As of July 29, nearly 1,000 COVID-19 patients were being treated in Los Angeles County area hospitals, and 215 were reported in Orange County hospitals, according to the Los Angeles and Orange County Health departments. Hospitalizations are as a result of the continuing surge of the new COVID-19 Delta variant.

The majority of these patients were unvaccinated, but despite 53% of Californians now fully vaccinated, there continue to be “breakthrough” cases, with fully vaccinated people testing positive. And although they by-and-large suffer only mild symptoms and have mostly avoided hospitalization, the rise of the Delta variant has alarmed many people.

With Southern Californians carefully venturing back into the world after restrictions were relaxed in June, now the state is calling on everyone — even the fully vaccinated — to resume wearing masks indoors in public spaces. But how worried should people be and how many precautions are enough or too much?
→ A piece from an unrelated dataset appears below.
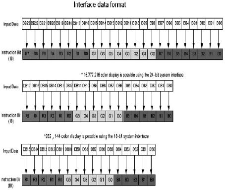圖4 顯示了圖片的數(shù)據(jù)是怎樣實(shí)現(xiàn)灰階的。第一個是典型的24bit 顯示接口,數(shù)據(jù)通過GRAM 后轉(zhuǎn)換成8bit Red、8bit Green 和8bit Blue.同理,18bit 的顯示接口將數(shù)據(jù)轉(zhuǎn)換成RGB 666,16bit 的顯示接口將數(shù)據(jù)轉(zhuǎn)換成RGB 565,繼而混色成0到255 灰階的不同色彩。

Dr. Stuart Miller lives in Arcadia and practices internal medicine in Pasadena. He’s also on staff at Pasadena’s Huntington Memorial Hospital and already has seen an increase in COVID-19 patients in the wake of the Delta variant surge. “A few weeks ago we were down to almost zero [COVID-19] admissions, and this week we’re up to 12,” he said.

A few weeks ago we were down to almost zero COVID-19 admissions, and this week we’re up to 12.
— Dr. Stuart Miller

While that’s a far cry from the 200 patients at the hospital during the winter surge, “We’ve definitely seen a rise in the last couple of weeks,” he added, noting that they have been mostly unvaccinated people. And in his private practice, he’s already seen four positive cases in the past week.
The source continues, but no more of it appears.